I thought this looked fun, so I decided to join in...

This year, I have done things differently than years before. I have a bit of a rebellious nature & while I love to plan, I refuse to be "slave" to ANY plan. That has gotten me absolutely nowhere. Each year, I end up feeling stressed from not completing something that I had planned to do. The problem was that I was planning in my mind. And we all know an unwritten plan is not worth much. This summer, I spent several weeks reading and praying over the book Managers of their Homes. I have always avoided this scheduling technique/book because I felt it was "too structured". I thought I would be stressed by "getting behind" since activities are assigned specific times on the schedule, but I also knew I couldn't continue doing what I had been doing because it wasn't working. And although we don't always do exactly what is on the schedule at the exact time it is scheduled, I am finding that we are getting much more accomplished in a day than ever before. And I am not nearly as stressed as I have been in years past. So the foundation for my 08-09 homeschool agenda is our schedule. (And by the way, the kids LOVE it!)

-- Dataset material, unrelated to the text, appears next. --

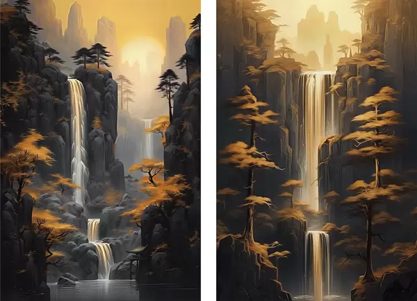 Постер на стіну Пейзаж з водоспадом і горами в золотому світлі Nr d00928
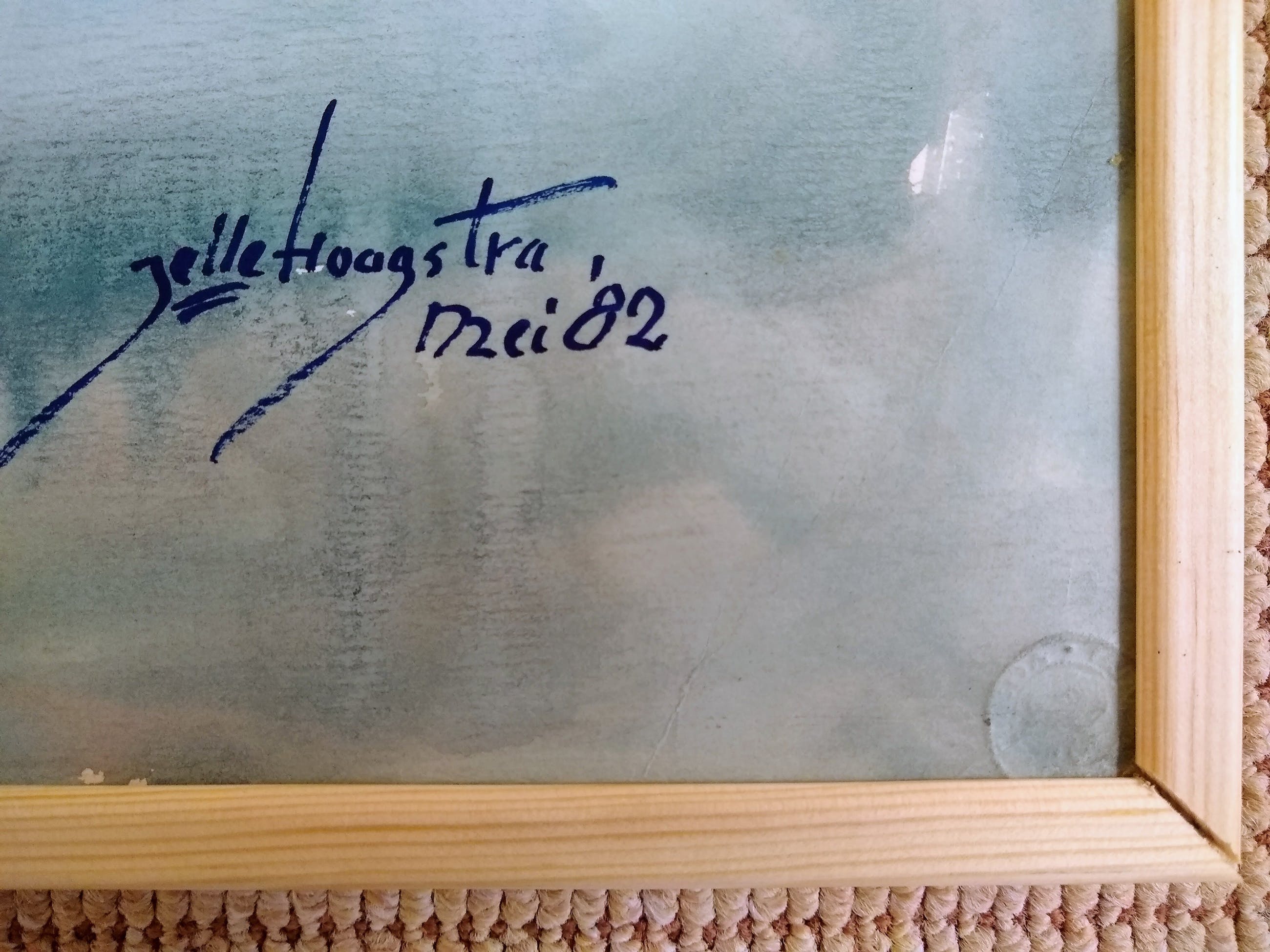 Dit is een krachtig werk van Jelle Hoogstra. Het is modern, expressionistisch. Het werk heeft een flink formaat en een eenvoudige lijst. Hoogstra volgde de Academie voor Beeldende Kunsten te Rotterdam.

For J, my 6th grader, we are using Beyond Five in a Row, which is a literature-based unit study. We are currently studying the life and times of George Washington Carver. He records his work in a 3-ring binder. We are also using Apologia's Exploring Creation with Botany (3 days/wk) to compliment our GWC studies. So far, I am very impressed. J is growing squash & lemon mint in a light hut he built. (I'm planning to post pics later.) We are also using Math-U-See, Easy Grammar, Sequential Spelling every day and Power-Glide Jr Spanish 3 days/wk. Because we enjoy notebooking & believe strongly in its educational value, Tuesdays are spent working on a "Presidents" notebook. J chooses any president & writes up a biography page of interesting facts about that president. He then places the page chronologically in his notebook. I also have plans that I haven't quite worked into our day to study a different artist or composer each week; and we also have History of the World vol. 1 that I haven't successfully incorporated yet. We have also enjoyed children's Bible studies by Kay Arthur. J has completed all the ones we had on hand, so I need to order more. The opportunities to do copywork, journaling & sketching come up often in our studies, so I don't have these scheduled separately.

This is AJ's first year of "real school", and I'm still not sure that we're really "doing school". She turns 5 at the end of September, so technically she wouldn't be in K anyway. We are using Before Five in a Row, a literature based unit study for ages 2-4. Her little sister, AC, joins us for most of our lessons. We only do about half an hour of structured school per day. I plan to add Math-U-See Primer in January, if she is ready. We fill up the rest of our day (thanks to the planning using the Managers of their Homes system) with activities such as: coloring, sidewalk chalk, drawing on the dry erase board, listening to music in her room, and story time.

We have also had great success with preschool boxes. These are the $.97 rubbermaid or sterilite shoe boxes that you get at Wal-Mart. I have one for each day of the school week. Each box holds a different activity that the girls can do with minimal help/supervision from mom. Ideas for boxes that we have used or plan to use: lacing cards, scrap paper & blunt scissors, small puzzles, math manipulatives (linking cubes, tangrams, dominoes, counting bears, etc), dry cereal & yarn to string it on, ink pad w/ stamps & paper, coloring sheets that go along with our current book/study theme, a small book that goes along with our theme, story tape or CD.

I can't believe it took me this many years (7) to "give in" and try the MOTH approach to scheduling. We are able to fit so much more of the "fun stuff" into our regular school day than ever before. This is already our best year ever!!